4.4 KiB
Message Batching Configuration
ThirdEye batches messages before processing to improve efficiency and reduce API costs. Here's how to configure it for your needs.
How Batching Works
Messages are processed when either condition is met:
- Buffer reaches BATCH_SIZE messages (processes immediately)
- Timer reaches BATCH_TIMEOUT_SECONDS (processes whatever is in buffer)
This prevents processing every single message individually while ensuring messages don't wait forever.
Configuration Variables
Edit .env:
BATCH_SIZE=5 # Process after N messages
BATCH_TIMEOUT_SECONDS=60 # Or wait this many seconds
Recommended Settings
For Production (efficiency priority):
BATCH_SIZE=5
BATCH_TIMEOUT_SECONDS=60
- Batches 5 messages together (reduces API calls)
- Waits up to 60 seconds for more messages
- Good for active groups with frequent messages
For Testing/Demo (speed priority):
BATCH_SIZE=3
BATCH_TIMEOUT_SECONDS=15
- Processes after just 3 messages
- Only waits 15 seconds max
- Better for testing and demos where you want quick feedback
For Low-Volume Groups:
BATCH_SIZE=3
BATCH_TIMEOUT_SECONDS=30
- Smaller batch size (triggers faster)
- Moderate timeout (30 seconds)
For High-Volume Groups:
BATCH_SIZE=10
BATCH_TIMEOUT_SECONDS=90
- Larger batches (more efficient)
- Longer timeout (less frequent processing)
Manual Flush Command
If you don't want to wait for the timer, use:
/flush
This immediately processes all buffered messages for the current group.
When to use /flush:
- During testing/demos (want instant results)

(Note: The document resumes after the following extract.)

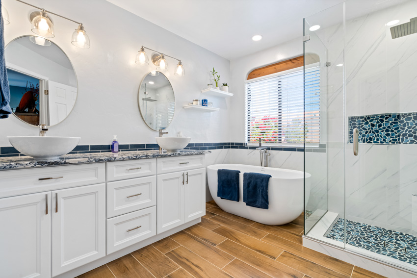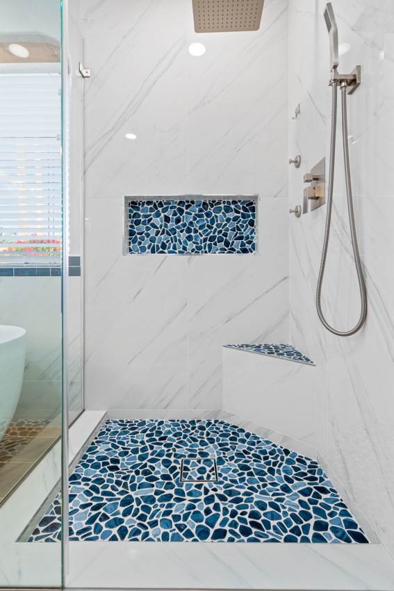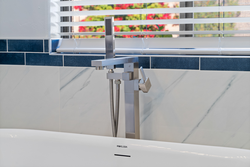 Step into luxury with this stunning bathroom remodel for the Taylor family in Tucson, Arizona. Anchored by a freestanding bathtub framed by dark blue subway tiles, the space radiates timeless elegance. Overhead, contemporary lighting adds modern sophistication, while a spacious marble walk-in shower with frameless glass panels and intricate mosaic accents offers a rejuvenating retreat.

- After important messages (need to query them right away)
- When buffer has accumulated but timer hasn't triggered yet
Example Scenarios
Scenario 1: Active Group Chat (10 messages in 30 seconds)
With BATCH_SIZE=5, BATCH_TIMEOUT_SECONDS=60:
- First 5 messages → processed immediately
- Next 5 messages → processed immediately
- Total: 2 batch operations
Scenario 2: Slow Group Chat (1 message, then silence)
With BATCH_SIZE=5, BATCH_TIMEOUT_SECONDS=60:
- 1 message arrives → starts 60s timer
- 60 seconds pass → timer triggers → processes the 1 message
- Total: 1 batch operation after 60s delay
Use /flush to skip the wait!
Scenario 3: Demo with Testing Settings
With BATCH_SIZE=3, BATCH_TIMEOUT_SECONDS=15:
- Send test message
- Wait 15 seconds OR send 2 more messages
- Processed automatically
- Can query with
/askimmediately after
Cost vs Speed Trade-offs
Processing every message individually (BATCH_SIZE=1, BATCH_TIMEOUT_SECONDS=0):
- ✅ Instant results
- ❌ More API calls (expensive)
- ❌ More LLM tokens used
- ❌ Slower overall (more network overhead)
Batching messages (BATCH_SIZE=5+, BATCH_TIMEOUT_SECONDS=60):
- ✅ Fewer API calls (cheaper)
- ✅ More context for LLM (better signal extraction)
- ✅ More efficient
- ❌ Slight delay before messages are searchable
Current Status Check
To see if messages are waiting in buffer:
/flush
If buffer is empty:
✅ No messages in buffer (already processed)
If messages are waiting:
⚡ Processing 3 buffered message(s)...
✅ Processed 3 messages → 5 signals extracted.
Debugging
If messages aren't being found by /ask:
-
Check if they're in the buffer:
/flush -
Check if signals were extracted:
/digestShows total signal count - this should increase after processing
-
Check backend logs: Look for:
INFO: Processed batch: N signals from [group_name]or
INFO: Timer flush: N signals from [group_name] -
Verify processing happened: After sending a message, wait BATCH_TIMEOUT_SECONDS, then check
/digestagain
Recommended: Use Faster Settings for Testing
For now, update your .env:
BATCH_SIZE=2
BATCH_TIMEOUT_SECONDS=10
Then restart the bot:
# Ctrl+C to stop
python -m backend.bot.bot
Now messages will be processed within 10 seconds (or after just 2 messages).
Quick Reference
| Setting | Production | Testing | Demo |
|---|---|---|---|
| BATCH_SIZE | 5 | 2 | 3 |
| BATCH_TIMEOUT_SECONDS | 60 | 10 | 15 |
| Processing delay | ~60s max | ~10s max | ~15s max |
| API efficiency | High | Medium | Medium |
Use /flush anytime you want instant processing!